South Africa-born writer Ceridwen Dovey, author of “Blood Kin,” takes her place along this literary continuum with her new collection of stories, “Only the Animals.” Something that distinguishes Dovey’s approach from her literary forebears, however, is that all of her animal protagonists are already dead, transmogrified into “souls,” and recounting their life stories against the varying backdrops of some of recent history’s most violent and destructive conflicts.
Dovey also has chosen to weave the lives of renowned literary figures into her characters’ stories. In “Pigeons, a Pony, the Tomcat and I,” for instance, we meet Kiki-la-Doucette, a cat who in both reality and fiction was the beloved angora of the taboobusting writer Colette.

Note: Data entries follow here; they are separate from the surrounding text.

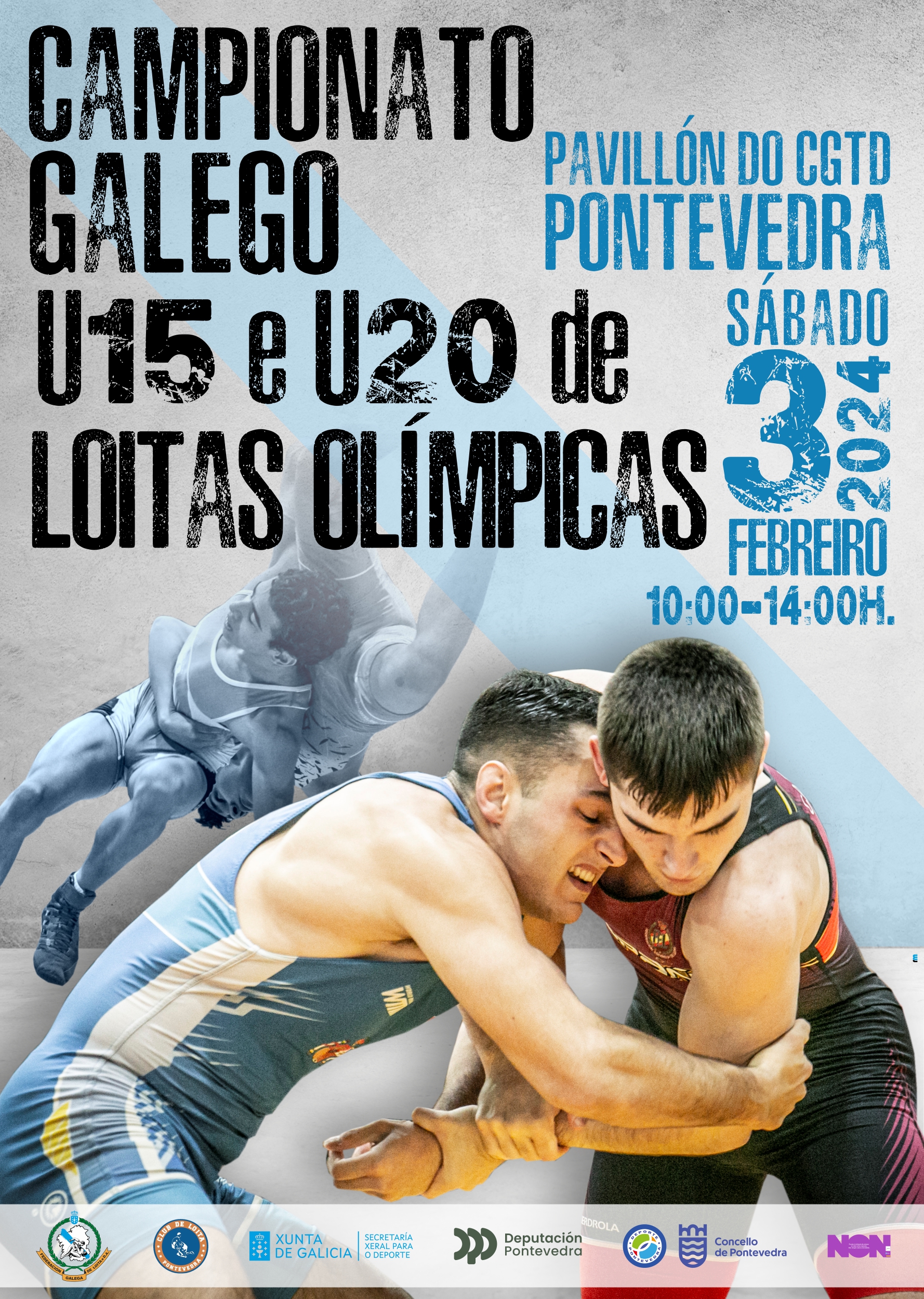 Información sobre o CAMPIONATO GALEGO JÚNIOR (U20) e ESCOLAR (U15) de Loitas Olímpicas que terá lugar o día 3 de Febreiro do 2024, no CGTD de Pontevedra (Pontevedra).
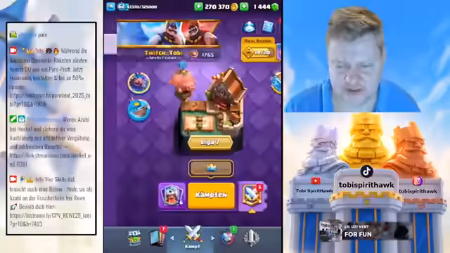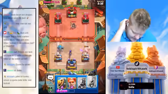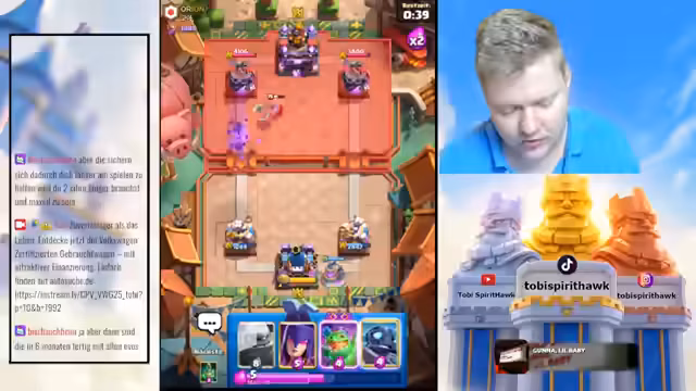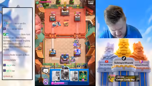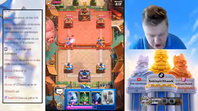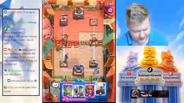 00:00:09Der Stream beginnt mit Begrüßungen und dem sofortigen Fokus auf das Spiel. Es wird schnell klar, dass das aktuelle Deck des Streamers Schwierigkeiten bereitet, insbesondere gegen bestimmte Kartenkombinationen wie Ankerpfeile ohne Zap oder Highscore. Die Rede ist von 'Elixiergolem' und dem Fehlen passender Gegenkarten, was zu einer frühen Niederlage führt. Es wird angedeutet, dass der Streamer eine längere Pause vom Livestreaming hatte, begründet durch mangelnde Zeit und Motivation, trotz finanzieller Möglichkeiten. Die Diskussion dreht sich um die Effektivität von Karten wie 'Ranken' und 'Bomben-Turm' und die Notwendigkeit, schnellere Karten zu spielen, um gegnerische Pushes abzuwehren. Der Streamer äußert Frustration über 'Evo-Skelette' und 'Drei Musketiere', die als schwach gegen bestimmte Konter beschrieben werden, was zu einem gefühlten '100-0 Matchup' führt.
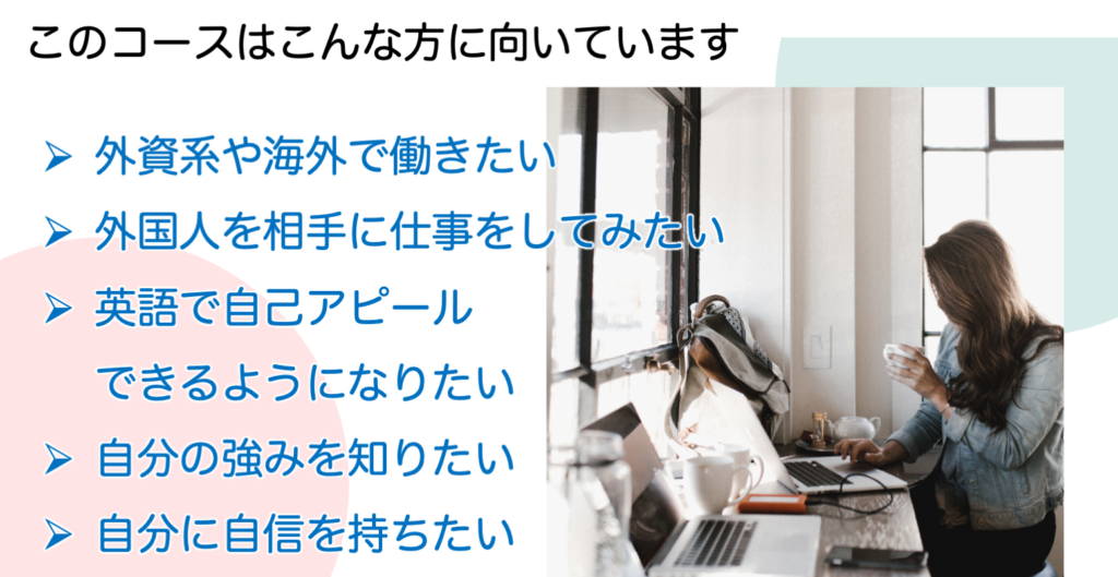 すぐにそれを使って仕事に応募できるのはもちろんのこと、あなたの強みや魅力がたっぷりと英語で書かれた書類は、見ているだけで自分の価値を客観視でき、自己肯定感が上がるのではないでしょうか。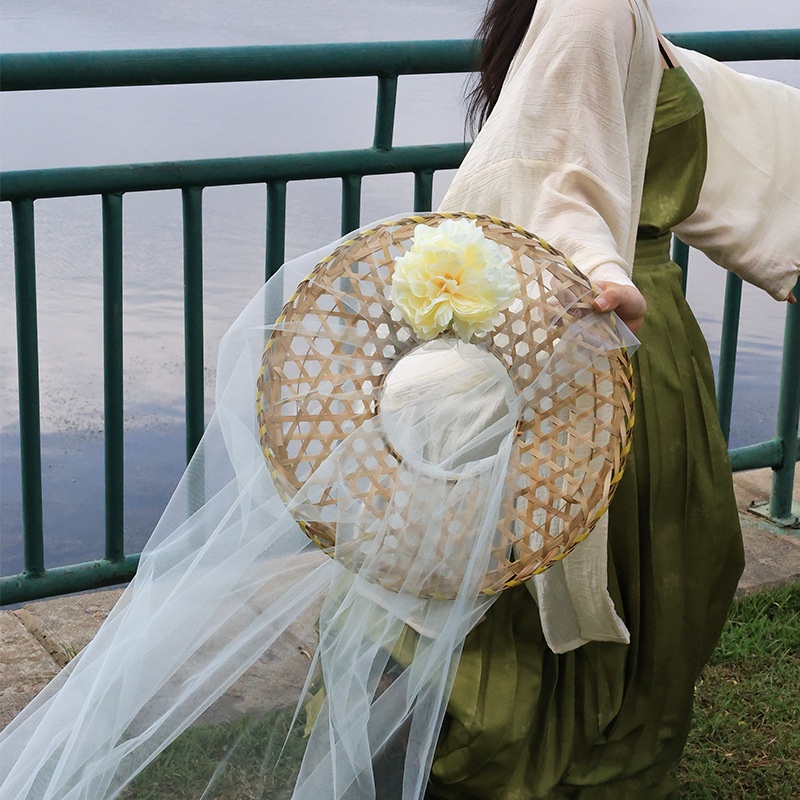 Color: silk gauze cap finished product 1 piece, silk gauze cap pink finished product 1 piece, silk gauze cap mint green finished product 1 piece, Willow hat finished product 1 piece, pink Poplar finished product Cap 1 piece, A White finished Poplar hat, a jackscrew yarn bamboo hat ornamental flower

Separated from her while she’s gone to visit “her new husband, the awful Henri, who was made a sergeant at the outbreak of the war and fully believes he deserves the title,” Kiki wanders into a soldiers’ encampment and settles in. She meets a tomcat from her old block and the two of them quickly become an item. While she waits for Colette to rescue her, Kiki encounters other animals forced into the war effort: message-bearing pigeons, enemy-sniffing dogs, pack mules with their vocal cords slashed so that their braying won’t reveal troop positions.

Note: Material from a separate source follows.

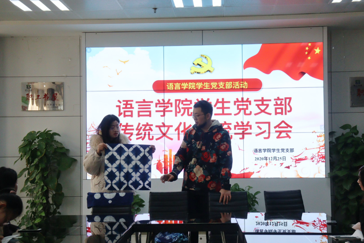12月25 日下午,为深入学习贯彻党的十九届五中全会精神,弘扬中华优秀传统文化,bevictor伟德员工党支部邀请公司美术与设计公司“弘扬中华传统文化,非遗传承研习实践团”韩昊洋、赵丽琼两位团队队员,为员工支部全体党员和部分入党积极分子带来一场关于扎染、剪纸、乱针绣等传统文化技法的文化交流学习会。本次会议由施婧雯主持,参加本次活动的有bevictor伟德员工党支部书记郑丹丹、组织委员钱星宇、宣传委员胡岳、员工支部全体党员和部分入党积极分子。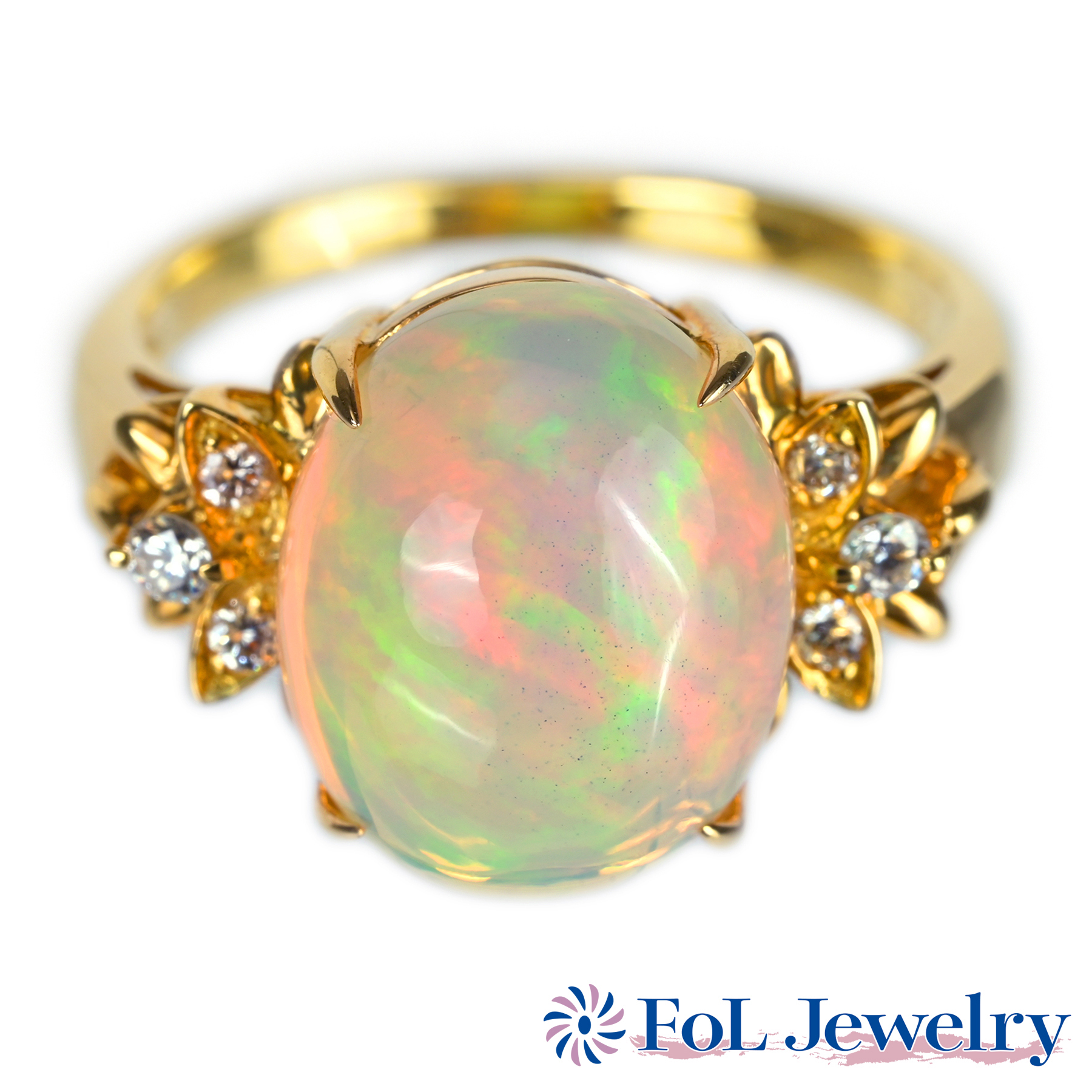 メキシコオパールリング K18YG MEXICO OPAL OP5.00ct D0.14ct

Yet while all of this “small” detail is told in a manner that’s both moving and horrific, the factual, totalizing destruction of World War I irrevocably looms large, overshadowing both Colette and Kiki’s presence. And when Kiki dies in the arms of a soldier, the story dissolves into sentimentality.
Despite the strength of Dovey’s prose, which is solid and accomplished throughout, other stories escape sentimentality only to become mired in earnestness. In “A Letter to Sylvia Plath,” a dolphin named Sprout explains her unwitting involvement in the death of an enemy diver in the Persian Gulf during Operation Iraqi Freedom.
While sharing her observations with Plath on such things as the near-telepathic communicating powers of dolphins and the singularly female experience of giving birth — as well as admitting a grudging respect for Ted Hughes — Sprout is also hoping to connect with a kindred suicidal spirit. But Sprout’s searching tone eventually turns sanctimonious, particularly when she asks the question, “Why do you sometimes treat other people as humans and sometimes as animals?” As if Plath might have an answer for us all.
A virtue of the collection lies in Dovey’s sometimes tacit, sometimes explicit examination of the master-slave relationship between animals and humans. Some of her protagonists — a camel enlisted for a mission to exhume an aboriginal queen’s bones, a laboratory chimp trained perhaps too successfully to behave like a human being — have been severed from families and homes and forced into servitude. While captive, they silently endure the intimate confessions of their captors or become tragically enmeshed in their sordid machinations.
Yet by privileging animal experience over human and then contextualizing it with repeated incursions of historical events and figures, Dovey introduces a tension that destabilizes the collection, upending her efforts to create and sustain a convincing “animal-first” telling.
Kafka’s glancing appearance in the life of the laboratory chimp exerts a disproportionate influence on the story’s outcome, making the whole thing feel contrived. In another story, a centenarian tortoise named Plautus describes escaping from the clutches of a hermit and putting himself in the care of the Tolstoy family before being passed on to Virginia Woolf, George Orwell and then Tom Stoppard, becoming a kind of Zelig of the animal kingdom along the way — but to no discernible end.
Couldn’t un-famous, “normal” people have served as equally worthy human characters for Dovey’s stories? Between the history lessons and the distracting celebrity writer cameos, it’s difficult to figure out what she’s after. As a result of these impulses, “Only the Animals” feels like an indeterminate manifesto alternately protesting human cruelty to all living things while celebrating a list of favorite writers and books.
One is finally left to wonder: Why aren’t these creatures ever given the opportunity to get angry and resist instead of observing and lamenting in all-too-human fashion? Despite Dovey’s deep research and ambitious scope, what these stories really lack is bite.